Cases that were most challenging to assess were the two in which patients had OD > 2.00, highly suggestive of true HIT, along with either acute VTE (one patient) or platelet drop following continued heparin exposure (two patients). One patient had all three traits that were highly suggestive of true HIT: OD > 2.00, acute VTE, and continued platelet drop while on heparin. Despite the indeterminate SRA of this patient, it is certainly possible that this was a true case of HIT. Despite its high sensitivity, there are limitations with the SRA that may lead to true HIT cases being deemed indeterminate, which may have been the case here. The pattern of serotonin release in the SRAs of each case were also closely examined. In both cases, serotonin release exceeded 90% in all three heparin dilutions, consistent with an indeterminate SRA result.

The association of higher mortality rates in patients with indeterminate SRA results, compared with both positive and negative SRA patients, is interesting and bears further investigation. The data suggest that patients with true HIT, as suggested by positive SRA results, had lower mortality than other patients. A possible explanation for this is that patients with other illnesses serious enough to cause significant thrombocytopenia have worse outcomes than patients with drug‐related thrombocytopenia. Particularly for those patients with indeterminate SRA and an almost 50% mortality, it may be that illnesses causing thrombocytopenia and immune complex and/or cytokine‐mediated platelet activation, as evidenced by the serotonin release, are particularly severe. In this sense, the SRA may be serving as a surrogate biomarker in the same sense as the D‐dimer. Thus, although we know HIT to be a potentially fatal condition with substantial risk for thrombosis, the indeterminate SRA results may point toward an even graver state of advanced illness. The higher prevalence of intensive care unit admission in the cohort of patients with indeterminate SRA compared with patients with positive SRA provides some support for this hypothesis.

CONCLUSION

Our study shows that most patients who receive an indeterminate SRA result do not have true HIT but that this group is associated with a poorer prognosis compared with patients with positive SRA or negative SRA. This conclusion may be helpful to clinicians who are currently uncertain on how to proceed with management of patients with significant thrombocytopenia who have indeterminate SRA results.

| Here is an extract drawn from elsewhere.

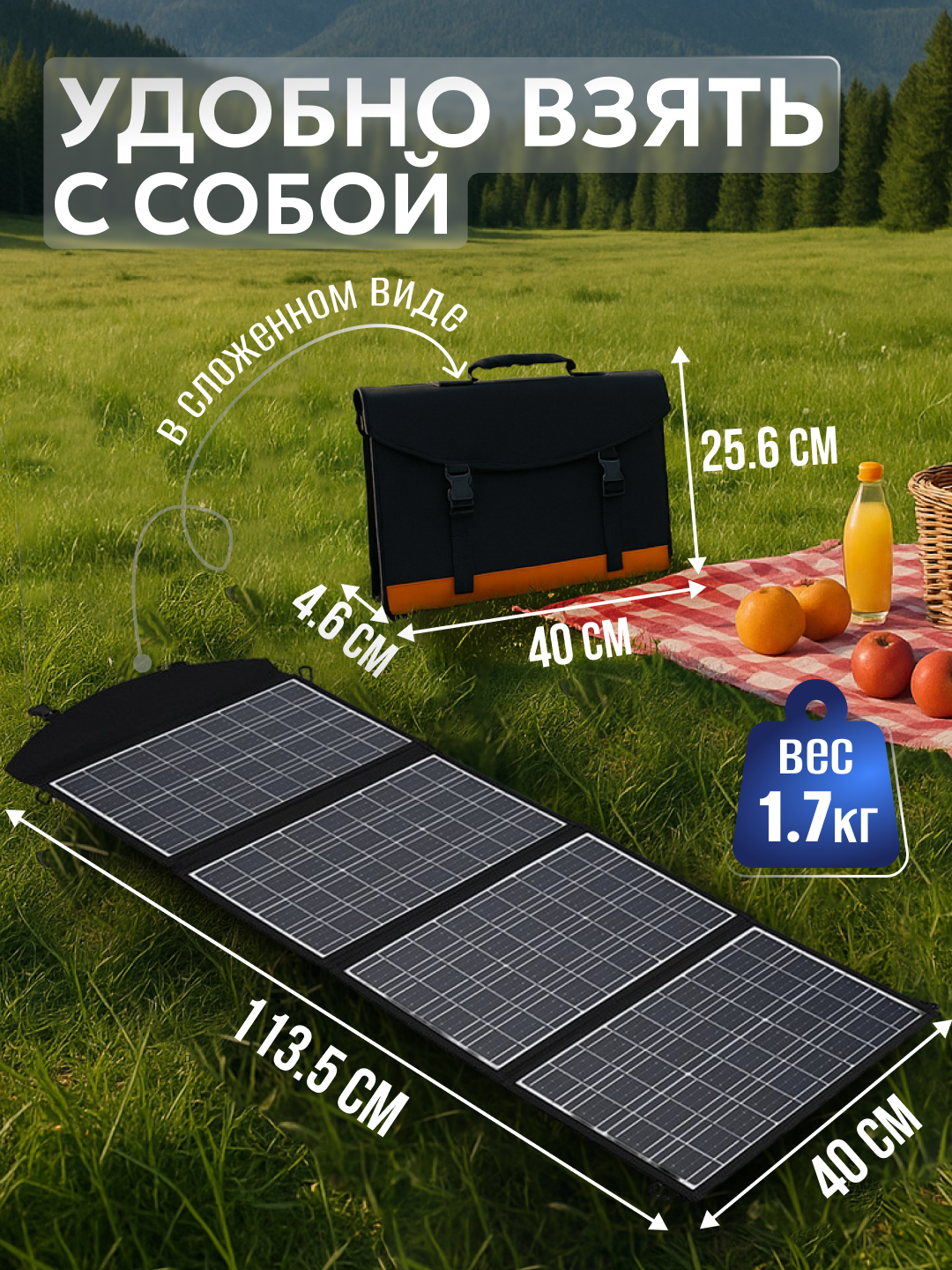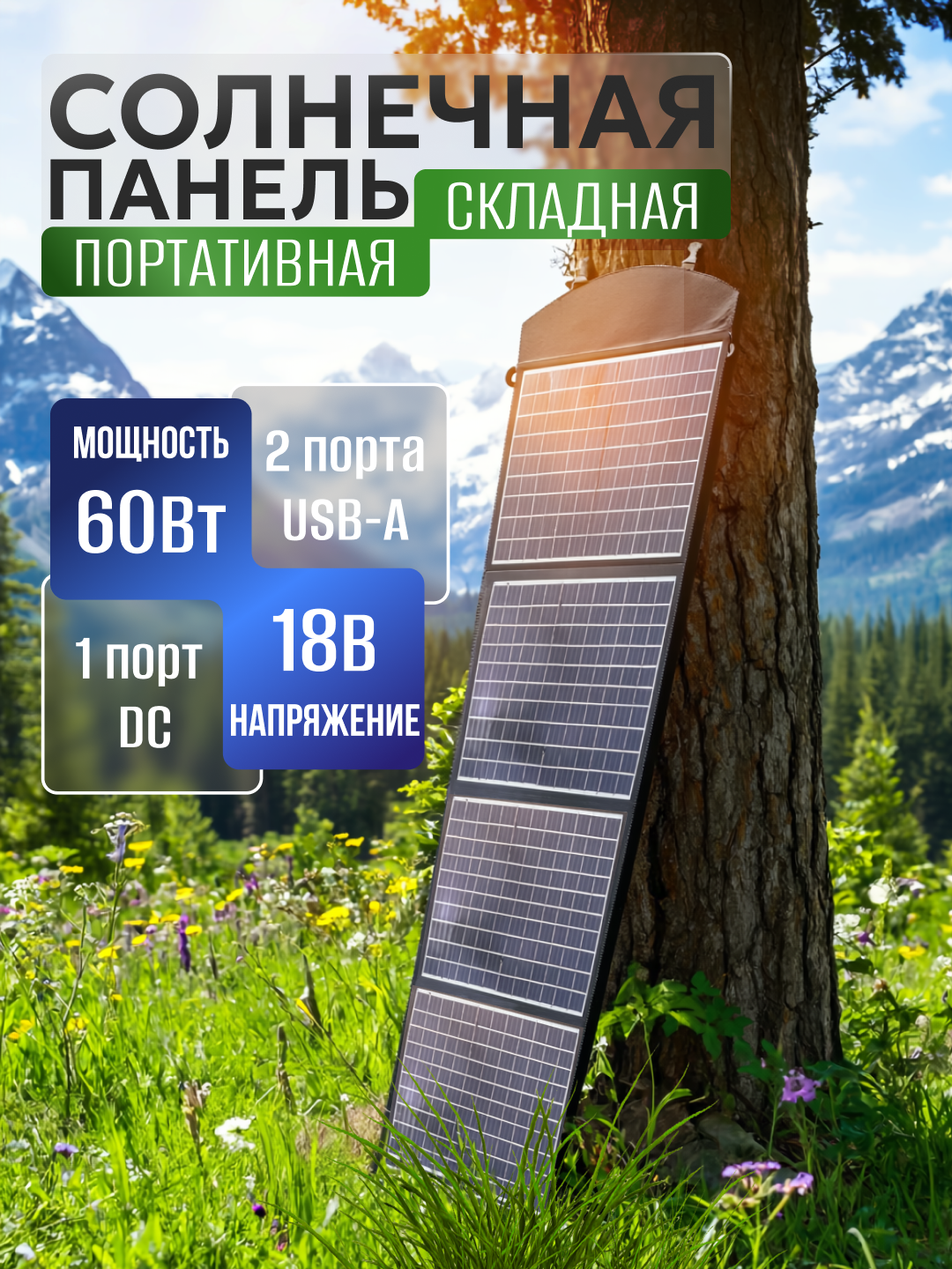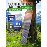 Солнечная панель складная 60Вт, 18В, USB fast charge, подходит для портативных электростанций: сравнение цен, характеристики, фото, актуальное наличие и цены.

These patients may not require nonheparin alternative therapeutic anticoagulation but may presage a heightened response to a life‐threatening disease for which the therapies should be geared to the primary illness. We believe further studies should be conducted that explore the mechanism behind indeterminate SRA results. Further research will help to better understand the circumstances that lead to an indeterminate SRA result, leading to a deeper understanding of the assay, its utility, and its reliability in different clinical contexts.

RELATIONSHIP DISCLOSURE

All authors have no competing financial interests to declare.

AUTHOR CONTRIBUTIONS

Shawn Jindal undertook conception, data collection, statistical analysis, and manuscript writing. Christopher Leyton undertook conception and data collection. Fred Cohen undertook conception. Morayma Reyes Gil wrote the manuscript. Henry Billett provided conception and manuscript writing.